Dans la seconde moitié du XIIe siècle, la ville est sous domination de la couronne d’Angleterre après le mariage d’Aliénor d’Aquitaine et d’Henri II Plantagenêt en 1152. De cette époque date la construction d’une vaste enceinte, qui remplace l’ancien rempart gallo-romain.

En 1204, Poitiers est rattachée à la couronne de France et le roi Philippe Auguste décide de construire un château de plan triangulaire, symbole de la reconquête de la ville, au confluent des rivières di Clain et de la Boivre.
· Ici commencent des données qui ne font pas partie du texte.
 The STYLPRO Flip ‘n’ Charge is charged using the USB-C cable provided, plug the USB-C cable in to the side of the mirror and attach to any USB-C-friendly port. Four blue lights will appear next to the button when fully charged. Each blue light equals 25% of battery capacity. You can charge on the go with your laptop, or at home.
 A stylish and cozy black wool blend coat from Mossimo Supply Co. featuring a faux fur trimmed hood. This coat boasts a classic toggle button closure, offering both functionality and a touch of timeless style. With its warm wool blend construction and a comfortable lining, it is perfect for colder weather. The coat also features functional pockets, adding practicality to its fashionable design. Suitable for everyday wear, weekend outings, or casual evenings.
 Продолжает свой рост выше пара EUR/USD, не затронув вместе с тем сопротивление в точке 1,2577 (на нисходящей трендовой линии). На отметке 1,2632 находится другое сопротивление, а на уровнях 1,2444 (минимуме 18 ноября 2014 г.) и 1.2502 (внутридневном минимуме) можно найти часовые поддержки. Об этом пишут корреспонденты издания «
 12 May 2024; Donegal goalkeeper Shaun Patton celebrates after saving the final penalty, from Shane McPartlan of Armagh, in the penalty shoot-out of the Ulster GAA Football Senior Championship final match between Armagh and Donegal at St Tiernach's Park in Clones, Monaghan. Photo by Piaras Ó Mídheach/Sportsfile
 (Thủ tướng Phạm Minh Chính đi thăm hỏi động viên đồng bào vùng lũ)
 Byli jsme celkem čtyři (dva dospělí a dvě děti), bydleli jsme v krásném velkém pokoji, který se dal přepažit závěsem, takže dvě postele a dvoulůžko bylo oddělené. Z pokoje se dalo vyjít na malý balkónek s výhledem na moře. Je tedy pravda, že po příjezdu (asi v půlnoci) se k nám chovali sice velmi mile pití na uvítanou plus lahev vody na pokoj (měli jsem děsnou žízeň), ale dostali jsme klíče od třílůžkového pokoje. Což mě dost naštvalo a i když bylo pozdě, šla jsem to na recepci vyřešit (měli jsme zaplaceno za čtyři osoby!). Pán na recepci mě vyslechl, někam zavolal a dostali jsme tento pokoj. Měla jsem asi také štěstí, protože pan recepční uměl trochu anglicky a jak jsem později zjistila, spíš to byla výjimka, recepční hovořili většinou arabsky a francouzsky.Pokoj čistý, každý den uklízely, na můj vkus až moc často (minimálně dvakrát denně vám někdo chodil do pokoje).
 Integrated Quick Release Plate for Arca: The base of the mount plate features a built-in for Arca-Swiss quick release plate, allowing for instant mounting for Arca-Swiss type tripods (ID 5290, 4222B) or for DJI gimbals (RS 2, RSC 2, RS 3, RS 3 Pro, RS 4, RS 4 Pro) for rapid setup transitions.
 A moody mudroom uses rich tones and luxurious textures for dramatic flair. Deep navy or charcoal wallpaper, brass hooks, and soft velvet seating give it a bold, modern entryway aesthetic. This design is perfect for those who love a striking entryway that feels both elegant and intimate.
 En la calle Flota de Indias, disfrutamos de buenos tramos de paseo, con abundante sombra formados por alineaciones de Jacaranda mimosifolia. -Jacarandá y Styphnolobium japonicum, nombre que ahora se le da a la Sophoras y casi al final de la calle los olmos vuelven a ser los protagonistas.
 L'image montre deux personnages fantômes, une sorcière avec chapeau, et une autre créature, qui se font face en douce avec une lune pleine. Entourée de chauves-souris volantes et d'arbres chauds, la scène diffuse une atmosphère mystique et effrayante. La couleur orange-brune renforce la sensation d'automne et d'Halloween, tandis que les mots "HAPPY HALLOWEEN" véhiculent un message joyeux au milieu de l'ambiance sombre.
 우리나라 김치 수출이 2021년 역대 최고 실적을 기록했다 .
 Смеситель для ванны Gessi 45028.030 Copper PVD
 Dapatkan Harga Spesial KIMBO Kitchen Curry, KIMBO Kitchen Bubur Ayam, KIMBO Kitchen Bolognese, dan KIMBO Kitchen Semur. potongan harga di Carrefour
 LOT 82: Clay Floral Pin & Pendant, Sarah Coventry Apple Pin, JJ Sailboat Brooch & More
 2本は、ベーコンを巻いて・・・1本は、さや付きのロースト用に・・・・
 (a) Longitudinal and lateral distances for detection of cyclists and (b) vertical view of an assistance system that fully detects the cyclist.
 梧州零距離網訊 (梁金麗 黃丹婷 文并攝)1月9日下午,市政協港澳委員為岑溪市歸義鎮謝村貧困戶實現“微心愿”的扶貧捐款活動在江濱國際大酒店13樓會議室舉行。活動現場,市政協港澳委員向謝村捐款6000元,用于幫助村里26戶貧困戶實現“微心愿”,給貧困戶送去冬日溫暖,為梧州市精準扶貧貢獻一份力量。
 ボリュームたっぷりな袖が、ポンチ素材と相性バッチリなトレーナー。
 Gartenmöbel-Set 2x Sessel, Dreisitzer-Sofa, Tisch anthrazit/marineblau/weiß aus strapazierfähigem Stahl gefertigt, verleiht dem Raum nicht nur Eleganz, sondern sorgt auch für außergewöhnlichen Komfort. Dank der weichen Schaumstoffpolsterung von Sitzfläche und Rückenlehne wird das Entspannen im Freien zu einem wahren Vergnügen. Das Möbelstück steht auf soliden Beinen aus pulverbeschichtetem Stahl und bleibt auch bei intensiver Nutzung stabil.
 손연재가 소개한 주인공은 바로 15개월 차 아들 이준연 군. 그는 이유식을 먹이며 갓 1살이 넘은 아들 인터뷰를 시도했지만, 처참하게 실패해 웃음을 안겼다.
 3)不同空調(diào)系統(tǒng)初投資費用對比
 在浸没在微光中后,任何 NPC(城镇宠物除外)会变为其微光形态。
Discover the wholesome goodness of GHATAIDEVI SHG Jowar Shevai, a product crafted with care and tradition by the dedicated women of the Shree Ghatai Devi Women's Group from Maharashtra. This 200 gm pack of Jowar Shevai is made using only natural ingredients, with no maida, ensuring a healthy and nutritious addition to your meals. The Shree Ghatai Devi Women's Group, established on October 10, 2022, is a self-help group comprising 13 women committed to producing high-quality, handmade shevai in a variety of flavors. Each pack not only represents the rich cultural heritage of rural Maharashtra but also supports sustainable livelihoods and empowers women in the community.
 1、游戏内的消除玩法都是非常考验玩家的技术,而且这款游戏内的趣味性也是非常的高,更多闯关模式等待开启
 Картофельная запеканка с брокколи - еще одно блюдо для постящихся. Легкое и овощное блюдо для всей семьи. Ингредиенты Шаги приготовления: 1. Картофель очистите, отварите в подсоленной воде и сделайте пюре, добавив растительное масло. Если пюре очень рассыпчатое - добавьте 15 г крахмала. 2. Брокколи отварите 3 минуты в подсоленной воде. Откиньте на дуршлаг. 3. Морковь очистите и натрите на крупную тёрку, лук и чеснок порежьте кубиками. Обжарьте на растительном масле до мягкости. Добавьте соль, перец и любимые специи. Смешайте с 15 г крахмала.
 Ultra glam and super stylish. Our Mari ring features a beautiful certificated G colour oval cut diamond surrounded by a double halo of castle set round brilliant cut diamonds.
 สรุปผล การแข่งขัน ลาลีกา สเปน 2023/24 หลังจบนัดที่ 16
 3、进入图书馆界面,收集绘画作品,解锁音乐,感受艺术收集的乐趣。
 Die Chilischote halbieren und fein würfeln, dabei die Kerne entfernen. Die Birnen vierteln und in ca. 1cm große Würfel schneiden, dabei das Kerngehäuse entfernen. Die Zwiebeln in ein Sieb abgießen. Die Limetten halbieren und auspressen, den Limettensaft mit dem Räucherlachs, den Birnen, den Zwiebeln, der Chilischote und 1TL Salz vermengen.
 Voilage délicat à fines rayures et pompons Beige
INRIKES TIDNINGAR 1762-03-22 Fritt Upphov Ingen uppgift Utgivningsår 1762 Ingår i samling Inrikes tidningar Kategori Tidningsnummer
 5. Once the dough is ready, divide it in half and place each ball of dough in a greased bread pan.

Mentionné pour la première fois en 1232, ce monument devient l’un des points forts de l’enceinte, mais également un moyen de surveiller la population.

A la fin du XIVe siècle, l’architecte de Jean Berry, Guy de Dammartin, transforme le château en résidence princière. La planche du mois de juillet de l’ouvrage Les Très Riches Heures du duc de Berry fait passer l’édifice à la postérité.

Transformé en prison au milieu du XVe siècle, le financier Jacques Coeur est arrêté sur ordre du roi de France Charles VII au Château de Taillebourg,

et sera tenu prisonnier en juin 1453,dans le château d'où il s'évadera en octobre 1454 se réfugiant dans un couvent de Montmorillon.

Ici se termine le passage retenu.